(Collected data)
↓↓↓

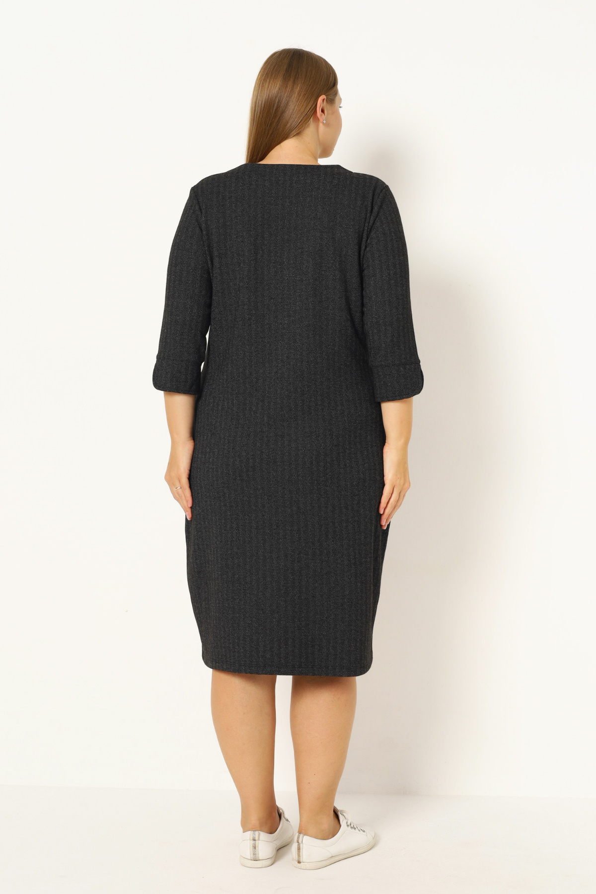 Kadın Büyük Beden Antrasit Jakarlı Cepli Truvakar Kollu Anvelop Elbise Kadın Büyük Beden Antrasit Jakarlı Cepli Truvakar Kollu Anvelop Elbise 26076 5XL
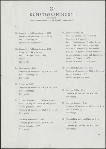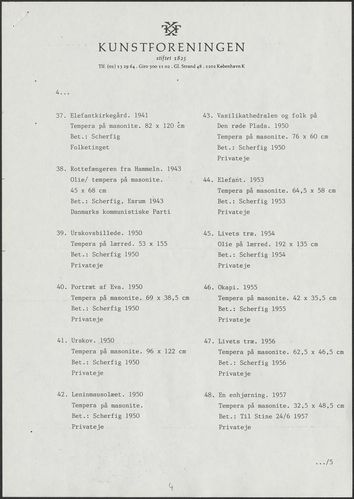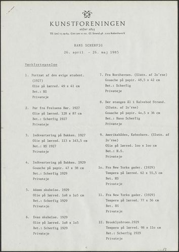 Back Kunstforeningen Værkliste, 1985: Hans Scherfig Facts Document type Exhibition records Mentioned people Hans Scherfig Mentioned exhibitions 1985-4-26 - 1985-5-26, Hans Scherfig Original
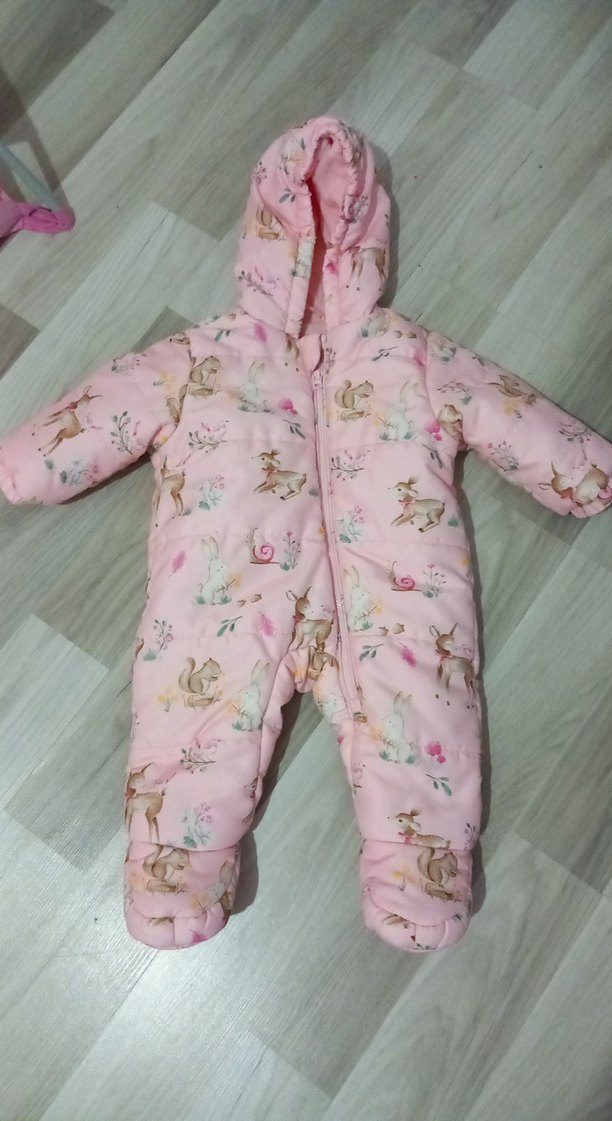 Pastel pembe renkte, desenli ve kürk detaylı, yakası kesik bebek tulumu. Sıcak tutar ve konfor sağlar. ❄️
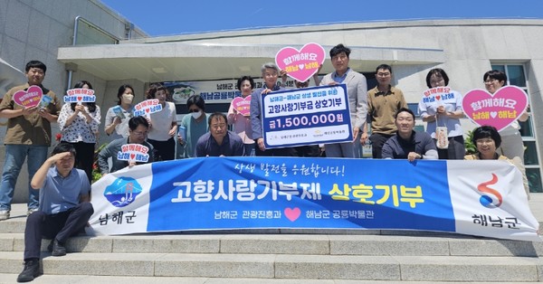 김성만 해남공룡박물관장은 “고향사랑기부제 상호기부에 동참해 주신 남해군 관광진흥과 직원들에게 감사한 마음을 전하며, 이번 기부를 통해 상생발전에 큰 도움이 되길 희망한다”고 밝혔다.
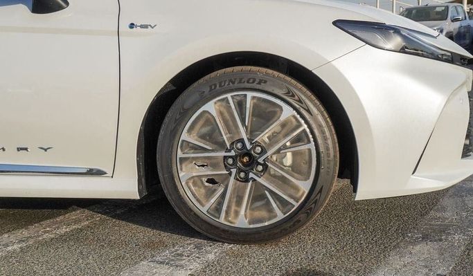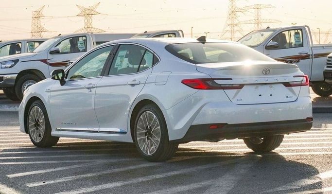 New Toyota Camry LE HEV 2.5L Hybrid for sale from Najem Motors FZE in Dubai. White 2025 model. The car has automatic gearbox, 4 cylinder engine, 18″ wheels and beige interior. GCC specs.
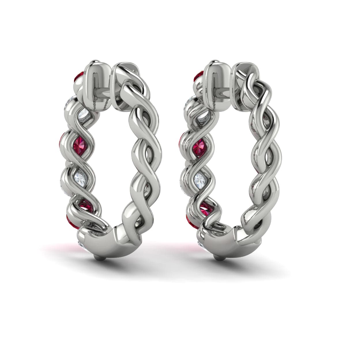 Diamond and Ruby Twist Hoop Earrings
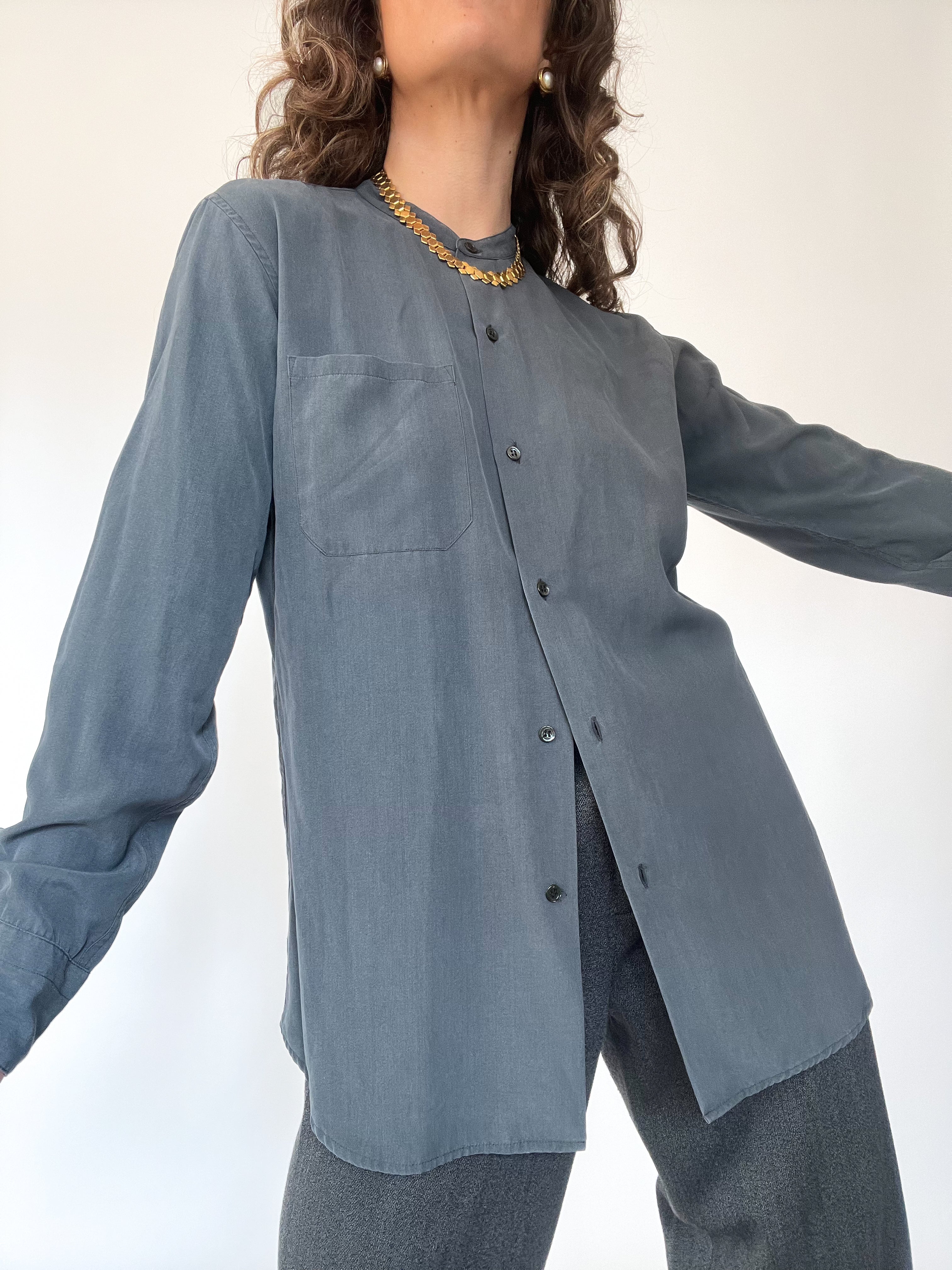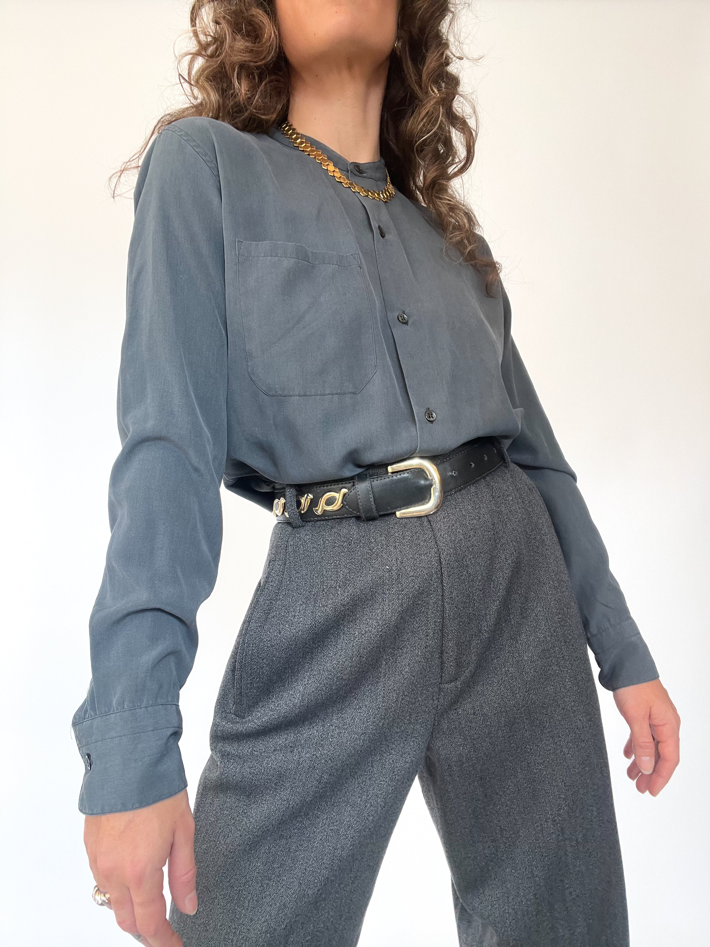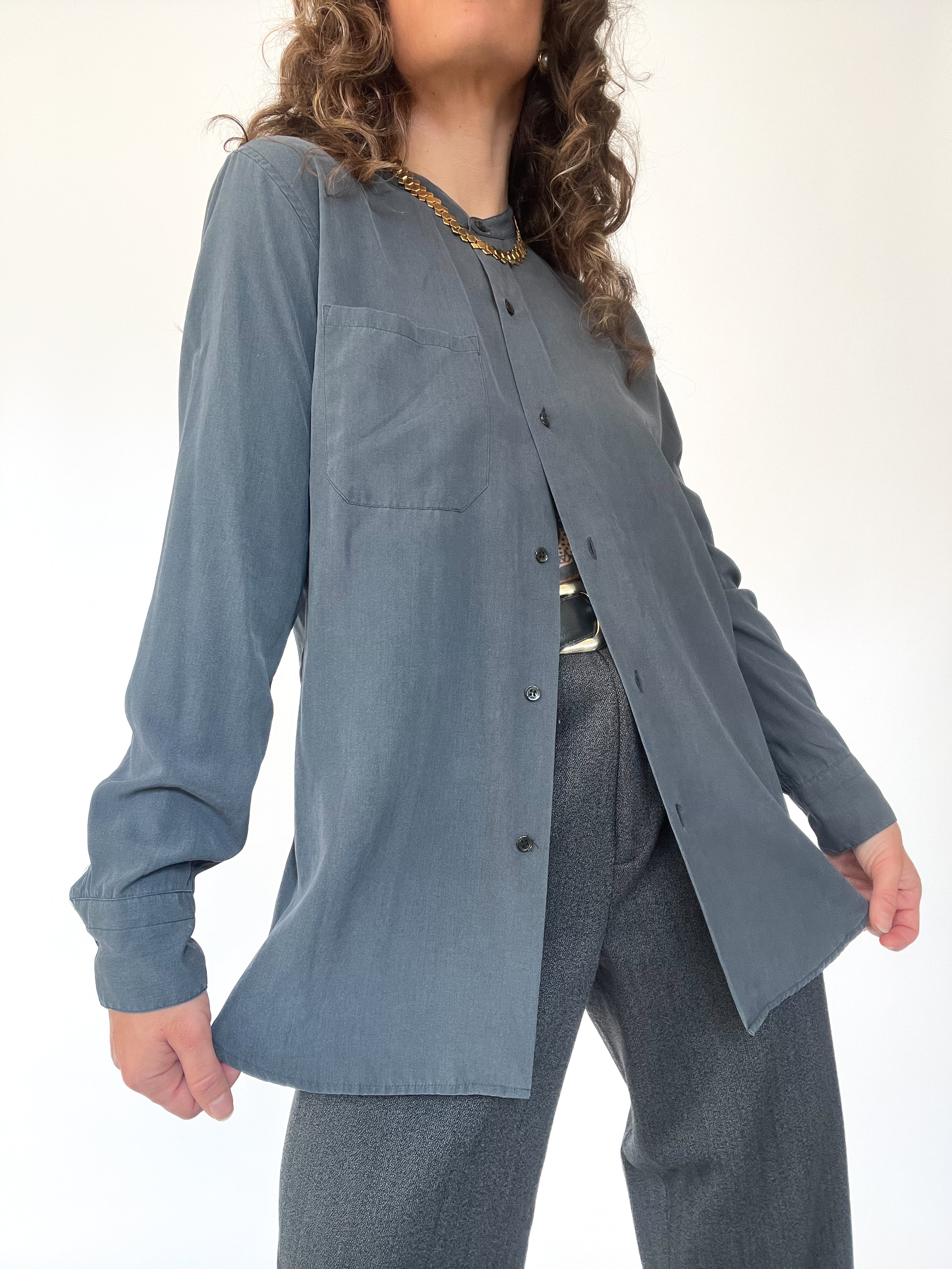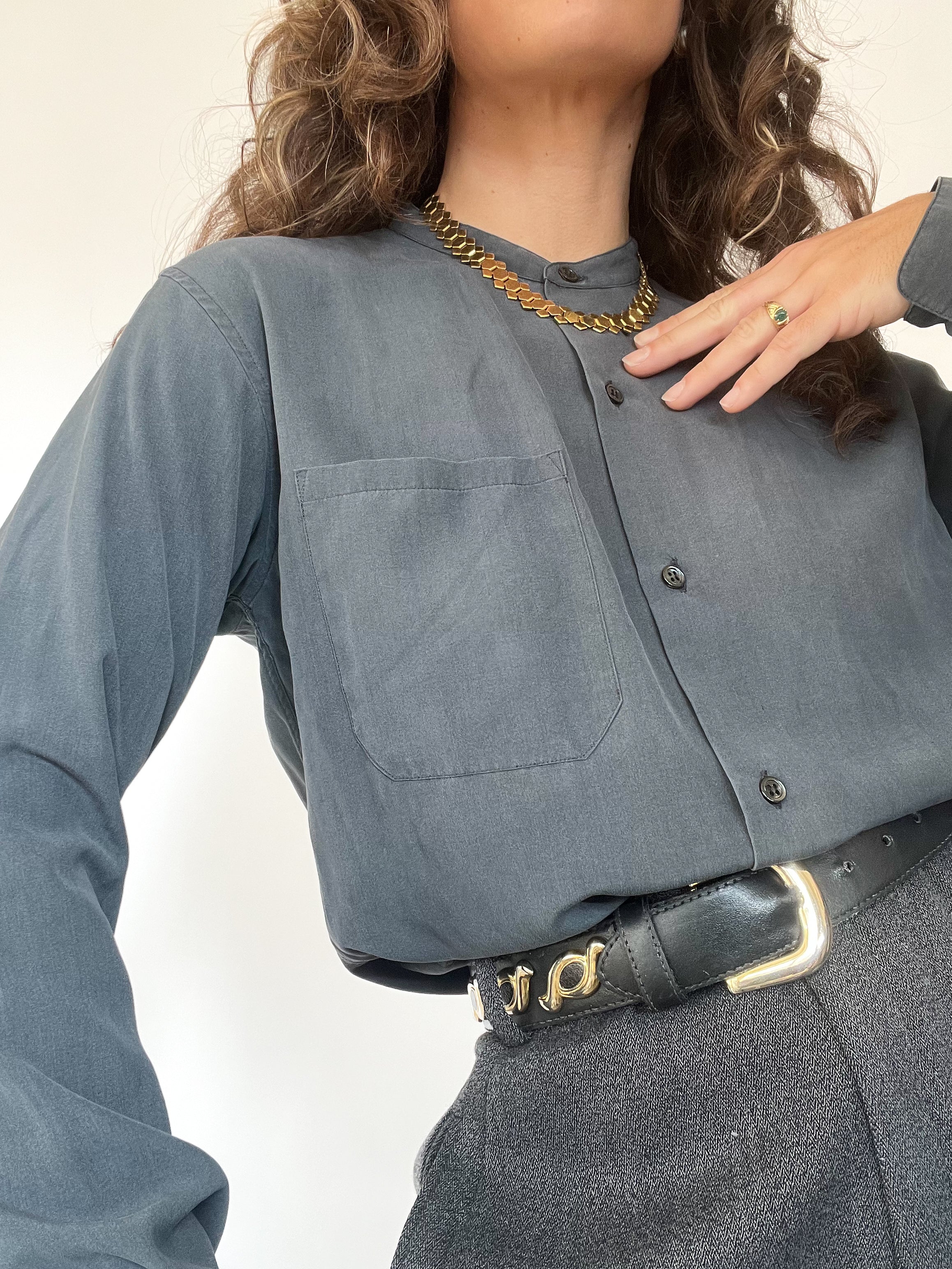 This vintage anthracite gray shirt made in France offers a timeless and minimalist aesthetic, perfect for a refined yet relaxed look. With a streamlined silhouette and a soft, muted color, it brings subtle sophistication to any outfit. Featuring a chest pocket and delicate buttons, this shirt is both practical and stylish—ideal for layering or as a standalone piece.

↑↑↑

[TASK TO COMPLETE] Your answer must be an exact copy of the records, free of images.

[SOLUTION FOR THIS EXERCISE]
 Kadın Büyük Beden Antrasit Jakarlı Cepli Truvakar Kollu Anvelop Elbise Kadın Büyük Beden Antrasit Jakarlı Cepli Truvakar Kollu Anvelop Elbise 26076 5XL
 Back Kunstforeningen Værkliste, 1985: Hans Scherfig Facts Document type Exhibition records Mentioned people Hans Scherfig Mentioned exhibitions 1985-4-26 - 1985-5-26, Hans Scherfig Original
 Pastel pembe renkte, desenli ve kürk detaylı, yakası kesik bebek tulumu. Sıcak tutar ve konfor sağlar. ❄️
 김성만 해남공룡박물관장은 “고향사랑기부제 상호기부에 동참해 주신 남해군 관광진흥과 직원들에게 감사한 마음을 전하며, 이번 기부를 통해 상생발전에 큰 도움이 되길 희망한다”고 밝혔다.
 New Toyota Camry LE HEV 2.5L Hybrid for sale from Najem Motors FZE in Dubai. White 2025 model. The car has automatic gearbox, 4 cylinder engine, 18″ wheels and beige interior. GCC specs.
 Diamond and Ruby Twist Hoop Earrings
 This vintage anthracite gray shirt made in France offers a timeless and minimalist aesthetic, perfect for a refined yet relaxed look. With a streamlined silhouette and a soft, muted color, it brings subtle sophistication to any outfit. Featuring a chest pocket and delicate buttons, this shirt is both practical and stylish—ideal for layering or as a standalone piece.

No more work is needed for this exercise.